So the governor and the legislature are moving the water bond to the 2012 elections? I’m not surprised. I could not decide for myself what to vote on the bond, and not only am I in the field, but I’m a liberal who loves to spend, spend, spend*. Even so, I had a hard time facing a new $11B expenditure.
My thoughts:
I agree with how I imagine the political calculations went. The bond would have failed this year. Who knows whether two years from now will be better, but failure this year looked pretty certain. This keeps the possibility open.
What would make 2012 better for passing the bond? Two dry years between now and 2012 would make the chance of passage better. A responsible governor who can close the budget gap would make it better. It will be a presidential election year, with high turnout, but I can’t see how that breaks for the bond. Bunch of spendy liberals like me, out voting for Obama might throw the bond measure some votes. But the bond measure also has the potential for dams in it, and we’ve been trained not to like those.
Couldn’t happen to a nicer governor, I say. Schwarzenegger has been pushing this water package so hard; he wants the Peripheral Canal as his legacy. But he was the fucker who cut the car tax on taking office, costing the state $4-6B every year since 2003. He is largely responsible for the giant hole in the budget that makes people unwilling to spend another $11B. I’m glad that circle closed while he was still around to feel it bind.
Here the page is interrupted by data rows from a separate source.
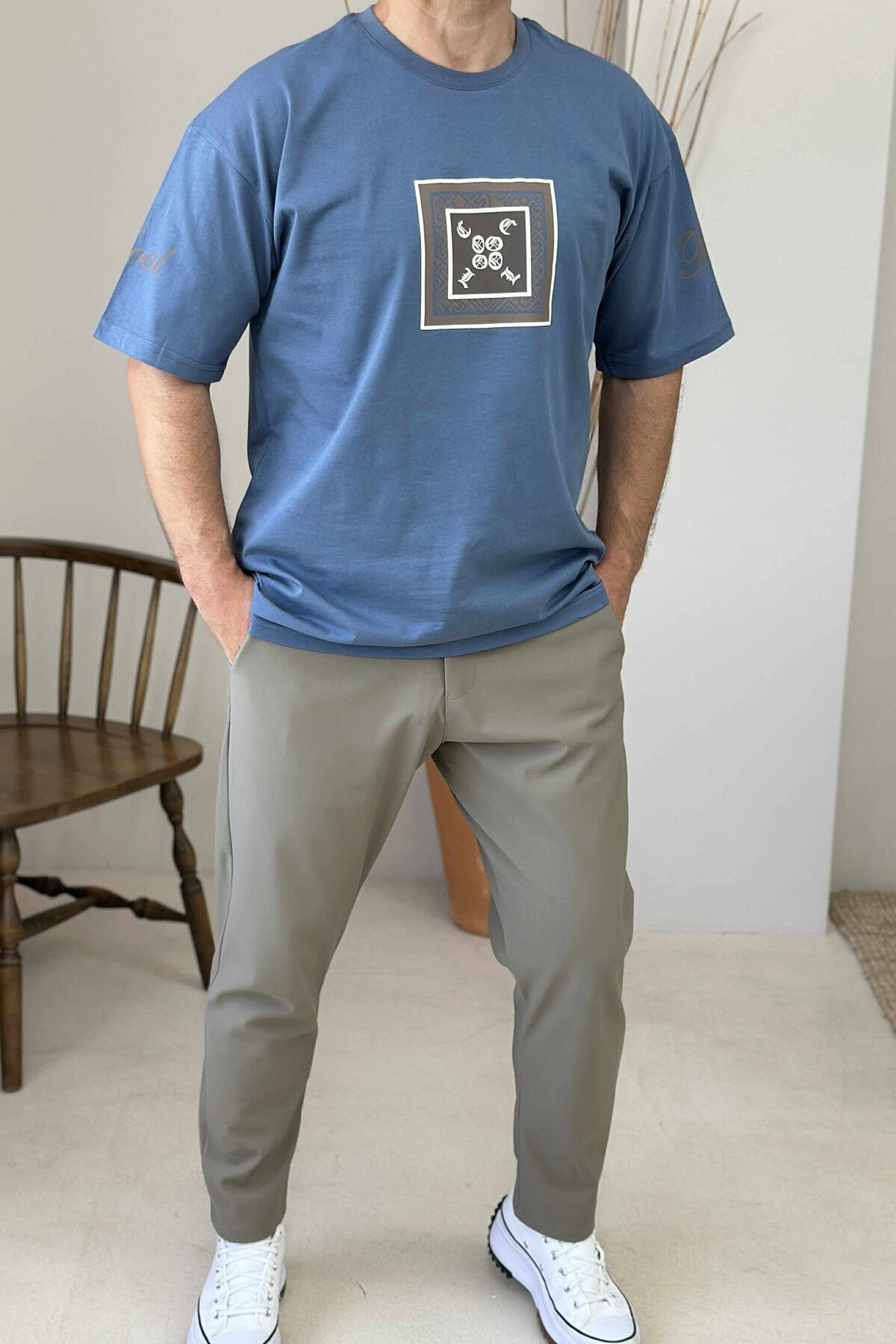 T-SHIRT I THJESHTË ME SHKRIME PËR MESHKUJ NË NGJYRËN BLU E ZBARDHUR
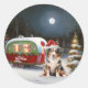 Adesivo Redondo Aventura de Natal do Pastor Australiano Caravan
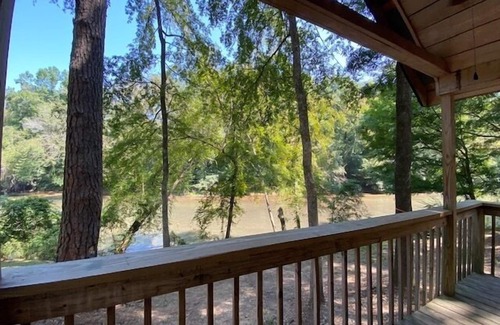 Check out these scenic views from this riverside cabin on the banks of the Ocmulgee River. From your front porch you can see Zellner Island and Juliette Dam. This one-bedroom cabin has an authentic, primitive feel but features all the niceties of home. The house features a studio set-up, a comfortable queen bed, and a simple kitchen with a microwave and refrigerator. The home also contains a comfortable bathroom, features heat and air, and comes with towels and linens.
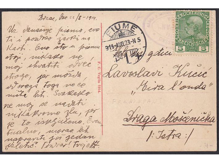 - Razglednica Glavotoka upućena brodom FRANKOPAN parobrodarskog društva u Puntu preko Rijeke 23.08. 1914 u Moščenićku Dragu.
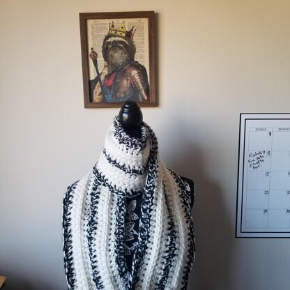 This beautiful contrasting scarf can be made in either one colour or two. If using two you will need 1 skein of contrasting colour and 2 of the main colour.
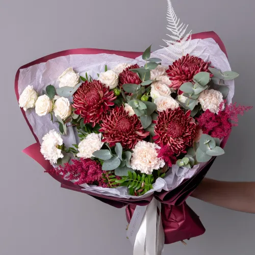 Гвоздика-5, Хризантема-5, Роза кустовая-3, Листья фисташки-5, Листья эвкалипта-3
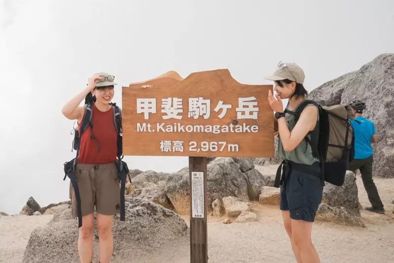 一緒に写真を撮るために、残りの登りをチャッと登ったら、看板に「甲斐駒ヶ岳」とちゃんと書いてあって、ぬるりと登頂したことになった。

I’m interested in how we’re going to fulfill the rest of the water legislation without money from the bond behind it. What will pay for the Delta Stewardship Council and the Bay-Delta restoration efforts without that money? What will fund 20 x 2020 now? The water legislation is law; we have to at least pretend that that we’re doing it. How will that happen without funding for doing the work?
I’m somewhat concerned about losing the projects the bond would have funded. I don’t mind losing the $3B for planning Sites, Temperance Flats and the Peripheral Canal. I think the Peripheral Canal will get built as an emergency measure when the Delta collapses in an earthquake and I don’t think the other two will ever get built. It is a shame to lose the Delta restoration funds. But honestly, the piece I liked was the part that everyone keeps calling “pork”. I liked the regional and local projects.
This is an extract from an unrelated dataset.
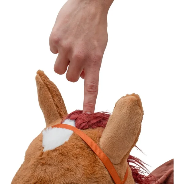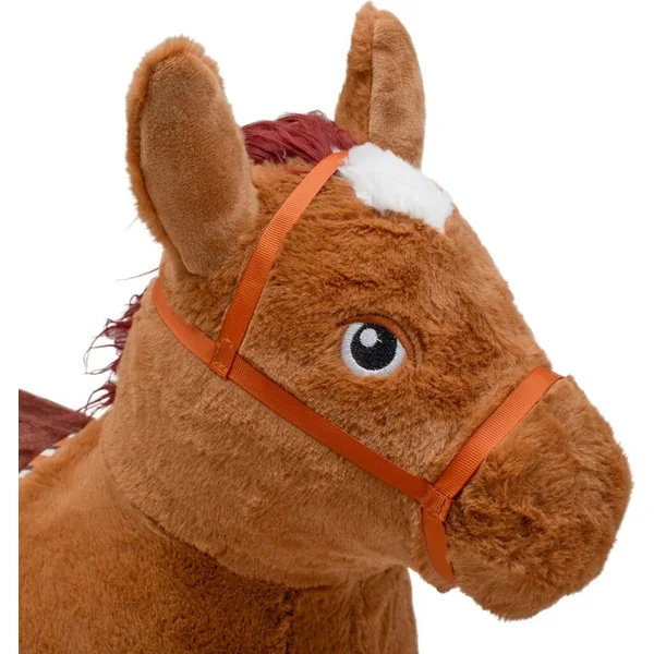 Le sauteur est recouvert d’une peluche douce et antidérapante, très agréable au toucher. Il est équipé d’un module sonore – en appuyant entre les oreilles, il émet un son réaliste de poney, ce qui stimule l’imagination et motive à jouer activement.
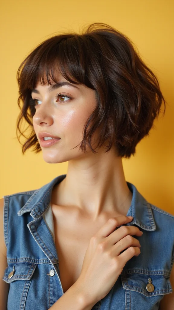 Finally, embrace the essence of ‘effortless’ with a shaggy bob and bangs! This style embodies laid-back chic, perfect for busy lifestyles yet still fashionable. Use minimal styling products—think simple texturizing spray or a bit of mousse to enhance natural waves.

Dr. Michael objects to taxpayers at large paying for the regional and local projects. He thinks that if the local projects are worthwhile, locals should pay for them. I thought they legitimately belonged in a state bond for a few reasons:
- Our next water will be collected from high entropy sources, like stormwater runoff, which is widely distributed and often polluted or from water conservation. It is hard to convince voters to pay for that, even though it would give a region more local control and source security to have that next source available to them.
- I believe local voters want this stuff (they lobbied for the projects, didn’t they?), but they also see a list of other local needs, like keeping pools open and libraries staffed. Even though funding for things like a smart irrigation control rebate is something they do want, they rarely feel they want to pay for it next.
- Some of the local projects are new to an area, and hard to convince locals to tax themselves for in the abstract. It is understandable that they need to see a couple stormwater projects becoming daylighted creeks before they understand how much they like having that amenity.
- Finally, I liked that the bond measure would fund a bunch of these at once. It would have provided $3B of mini-innovation all over the state. Frankly, the stuff in those local projects is what we’re going to have to do next; as a state, we have tapped all the big pure sources. Lets get a bunch of those running fast so the state as a whole can find out which work. Simply getting lots of projects running soon offers value to the state.
Those are my thoughts on delaying the bond measure (and on the bond measure in general). Don’t figure they’ll be relevant again for another couple years.